Гетен скрипнул зубами.
— Скажи своей матери, что я сделал, что должен был. Я сражаюсь со своим демоном. Лучше отвлечь ведьму от Урсинума, пусть бьется со мной. Только так я могу помочь воительнице.
Магод встал.
— Ваши самые глупые слова, господин, — он опустил ладони на стол и склонился над Гетеном. — Я сказал не биться с той женщиной. Похоже, битва с магами повредила вам голову.
Гетен потирал шею. Голова гудела, слабость после мавзолея не стала лучше день спустя.
— Я не мог принять ее условия в переговорах. Никто не должен отдавать свободу за мою жалкую магию.
Магод покачал головой.
— Она может помочь вам биться с ведьмой. Вам нужна ее защита. Мы с мамусей видим, как вы ослабели, но не можем помочь. Воительница может, она помогала. Верните ее в Ранит, господин. Пусть поможет биться с врагом.
Было заманчиво, но это привело бы к их смертям.
— Нет. Пусть воительница вернется к королю.
— Она защитила вас от мертвых теневых магов, — настаивал Магод. — Теперь она одна в Хараяне. Что-то дикое прячется в том лесу, даже волки ощущают это.
Гетен ударил кулаками по столу. Утварь и монеты подпрыгнули.
— Хватит! Ты забываешь, что она родилась с мечом в руке. Не недооценивай ее, она может справиться с парой зверей в лесу, — он едва держался, и слуги не помогали. — Я больше не буду слушать о маркграфине Кхары.
Он встал, и садовник отпрянул.
— Ты и твоя мать хорошо служили мне, но я не могу гарантировать вашу безопасность в Раните. Забери зверей в Этериас. Когда все закончится, вернитесь сюда. Если цитадель устроит, Хараян будет ваш.

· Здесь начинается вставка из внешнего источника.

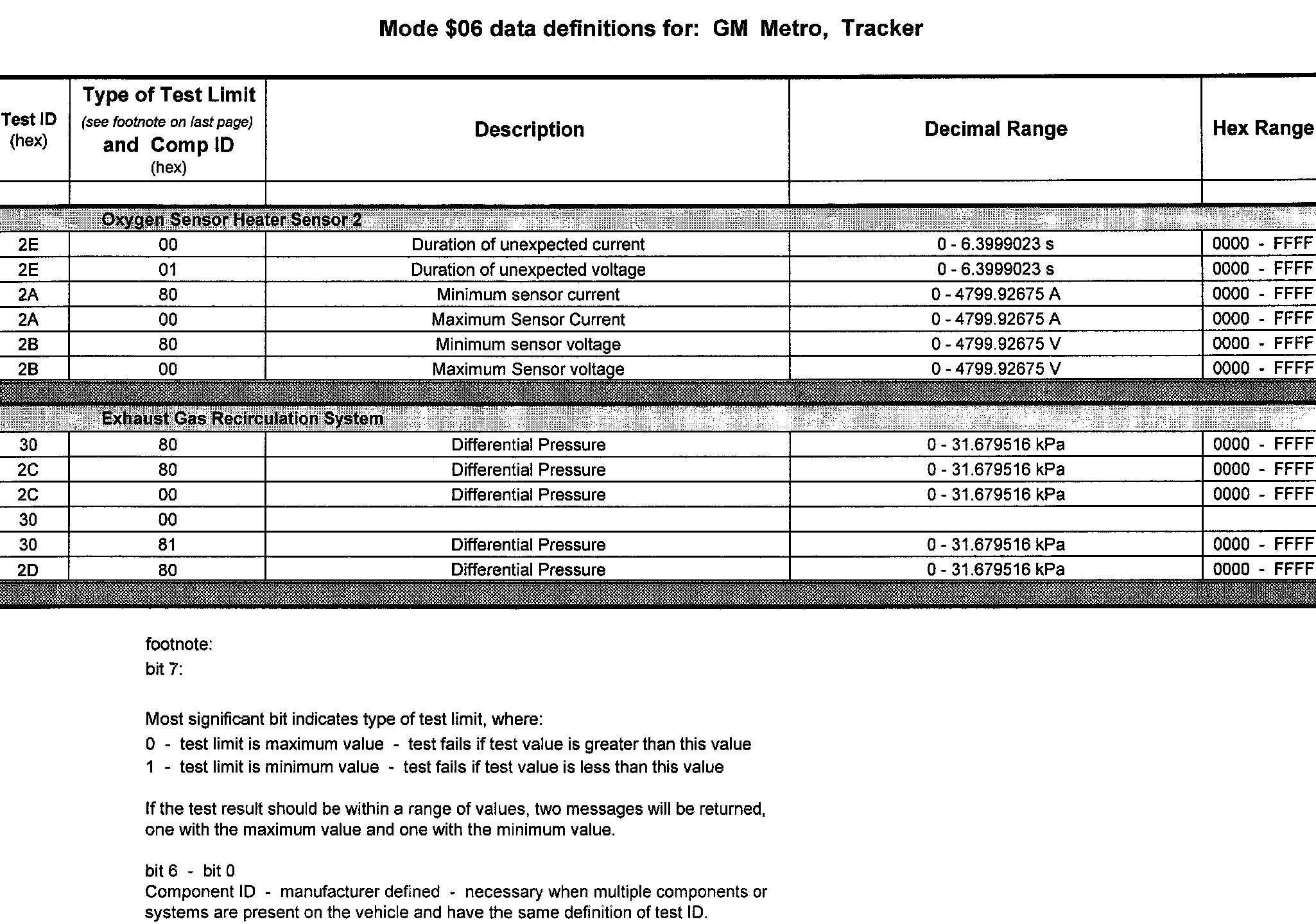 1999-2004 Chevrolet Metro/Tracker Mode 6 Data Description Page 1: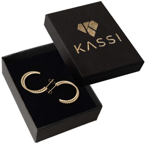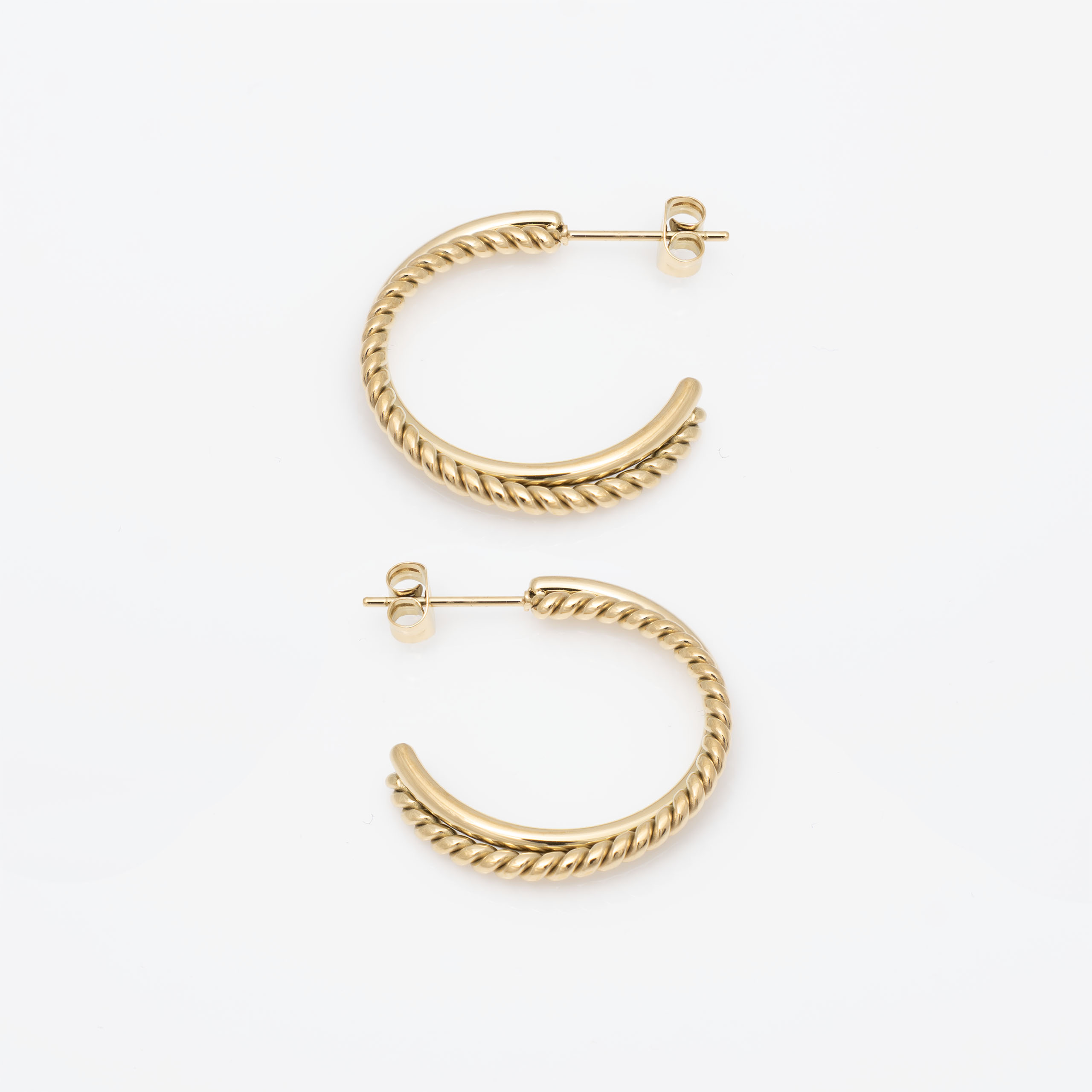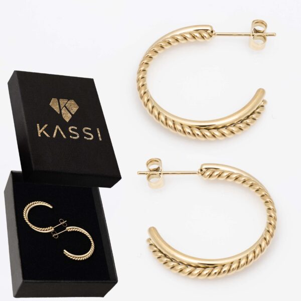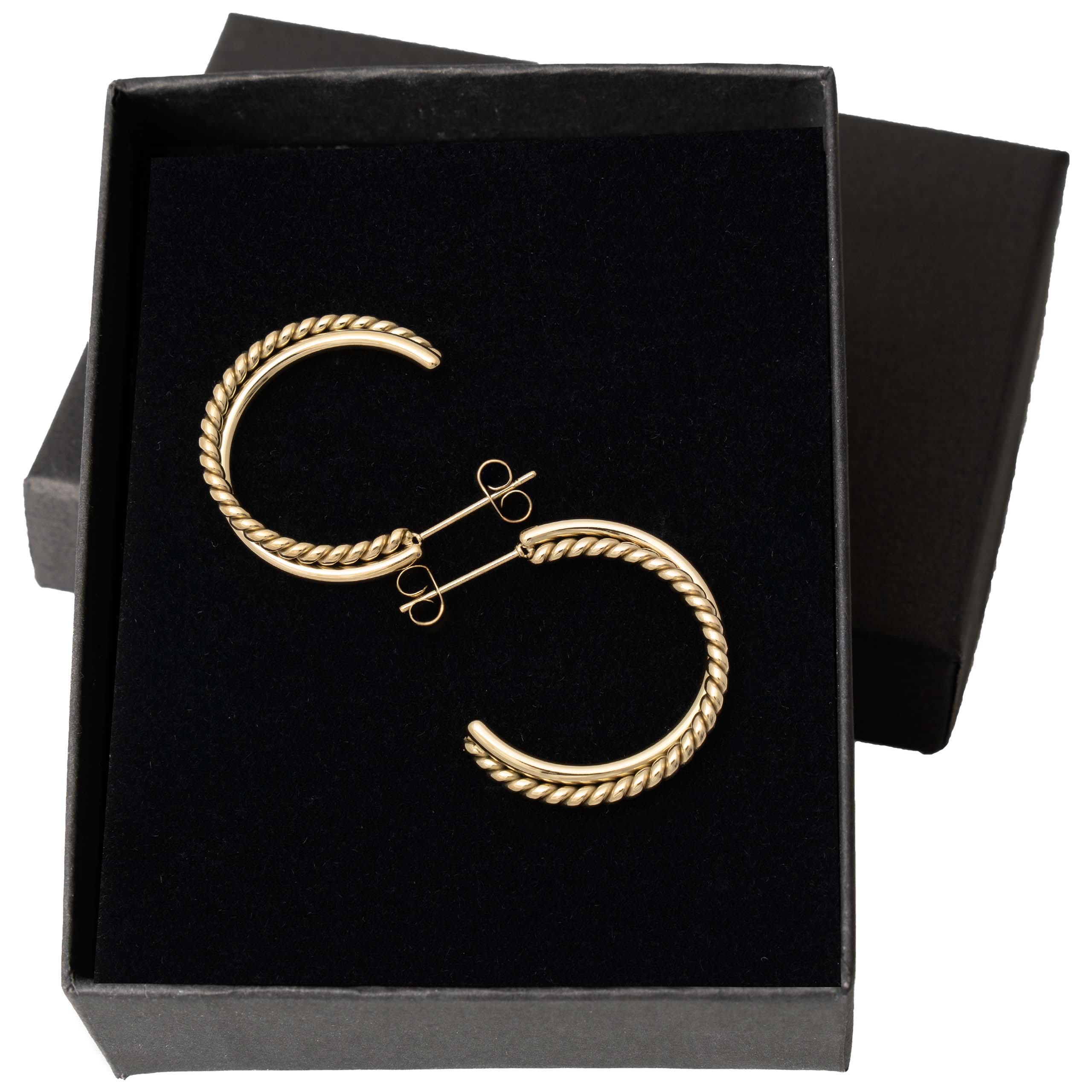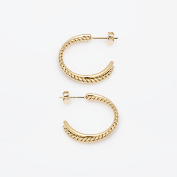 Stylowe pozłacane kolczyki kółka ze stali chirurgicznej z efektownym, plecionym wzorem rope. Klasyczna forma w nowoczesnym, skręcanym wydaniu – eleganckie i bardzo kobiece.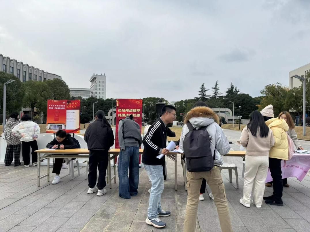 开幕式当日中午,Beat365唯一官方网站协同Beat365唯一官方网站保卫处及Beat365唯一官方网站公共法律服务中心、律舟法律援助社、青年法律志愿者服务团等学生志愿者团队在东区食堂、水秀食堂前开展普法宣传、法律咨询和反诈骗宣传活动。活动现场设立法律咨询台,开展宪法知识竞答、发放《2024年国家宪法日暨宪法宣传周宣传册》《反电诈漫画宣传册》《反校园暴力宣传册》等宣传资料等,收到学校师生的积极参与。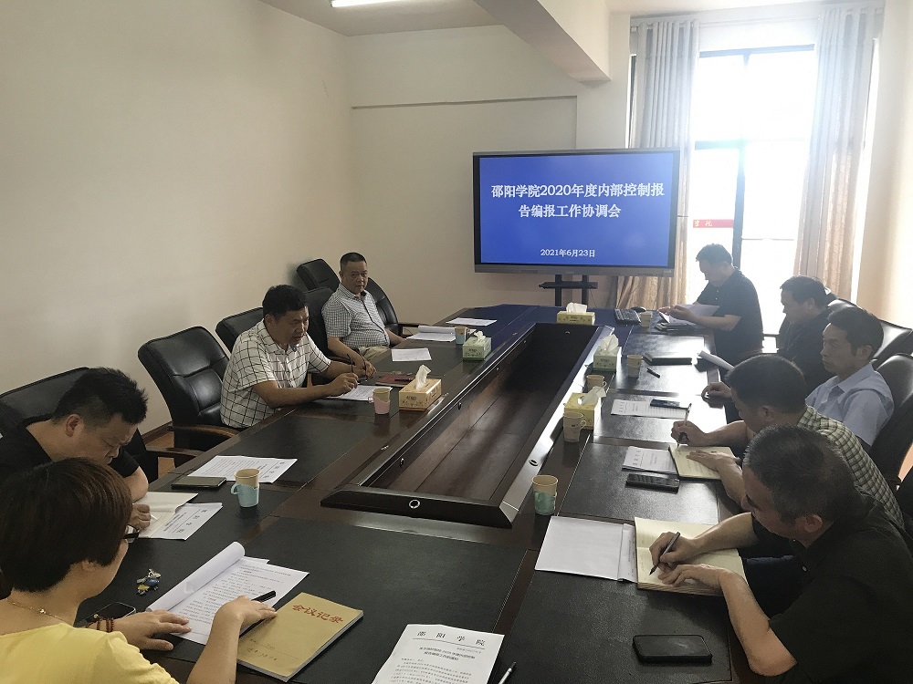 6月23日上午,由计划财务处牵头,邵阳学院2020年度内部控制报告编报工作协调会在第一办公楼419会议室召开。计划财务处处长彭跃社及学校各相关职能部门负责人参加会议。 彭跃社处长首先向各职能部门传达了《湖南省财政厅关于开展2020年度行政事业单位内部控制报告编报工作的通知》和《 关于做好我校2020年度内部控制报告编报工作的通知》的文件精神和工作要求,并按照任务分解表部署相关工作。围绕2020年度内部控制报告编报工作的指导标准和材料要求,计划财务处综合科科长陈健美进行了详细介绍和答疑。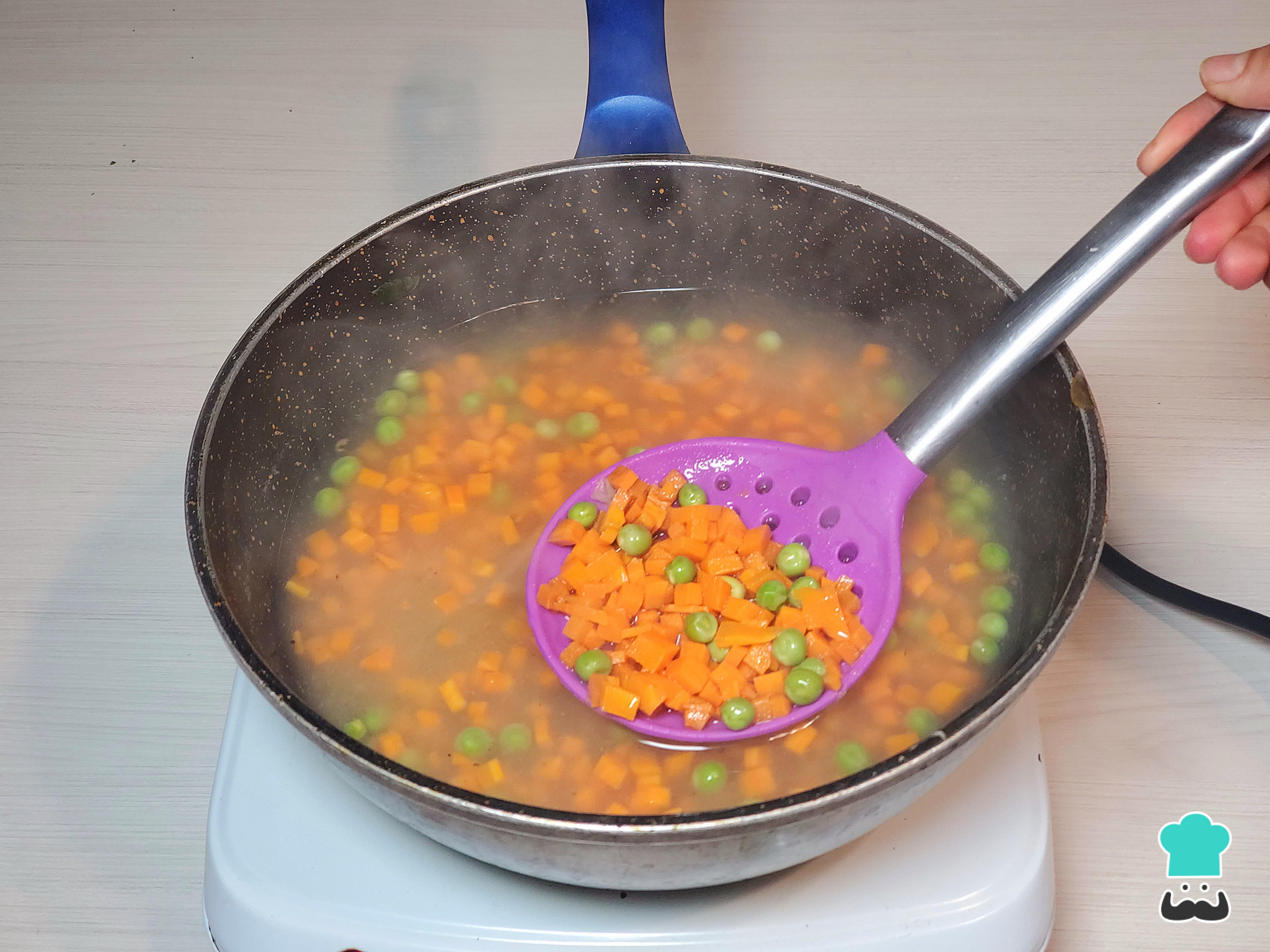 Pon a calentar una olla con abundante agua y blanquea las papas, las zanahorias y las alverjitas por separado, ya que tienen distintos tiempos de cocción. Recuerda pasar las alverjitas por agua helada para que mantengan su color brillante.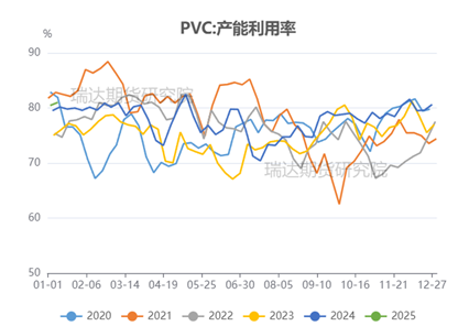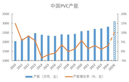 2024至2025年中国PVC行业仍处于扩能周期。2024年中国约有85万吨PVC装置投产,产能增速在3%左右,其中12月下旬投放的新浦化学25万吨装置已于2025年初逐步达到满产状态,持续为2025年一季度PVC供应贡献增量。受去年部分装置投产延期影响,2025年约有290万吨装置计划投放,产能增速达到近5年高位的10%左右。新增装置主要集中在第一、二季度投放,其中一季度新浦化学50万吨装置预计在2月投产,青岛海湾20万吨装置预计在3月投产。关注后续装置落地情况。

С такими приказами он вышел из комнаты, игнорируя раскрытый рот Магода от потрясения. Он не мог думать из-за стука в голове и боли в мышцах спины и плеч. Он миновал по две ступеньки за шаг, но когда он добрался до мастерской, он замер и смотрел в сторону лазарета. Вся стая лежала вокруг пустой кровати Галины.
— Вы просите невозможного. Женщина служит Урсинуму, не Раниту. Она не с нами. Она многого от нас просит, — волки смотрели на него. Их не интересовали его аргументы, он назначил их сторожить ее, и они продолжали это делать. — И она дает слишком много себя.
Гетен взял настой из шкафчика. Он вылил немного в чашу, смешал с медовухой и выпил залпом.
— Проклятая женщина. Она платит слишком много, — он смотрел в пустоту. Тепло ее пальцев на его губах оставалось с ним как проклятие. И ее запах — она пахла медовым мылом, кожей и лошадьми. Даже запах оленя не прогнал запах Галины из его памяти.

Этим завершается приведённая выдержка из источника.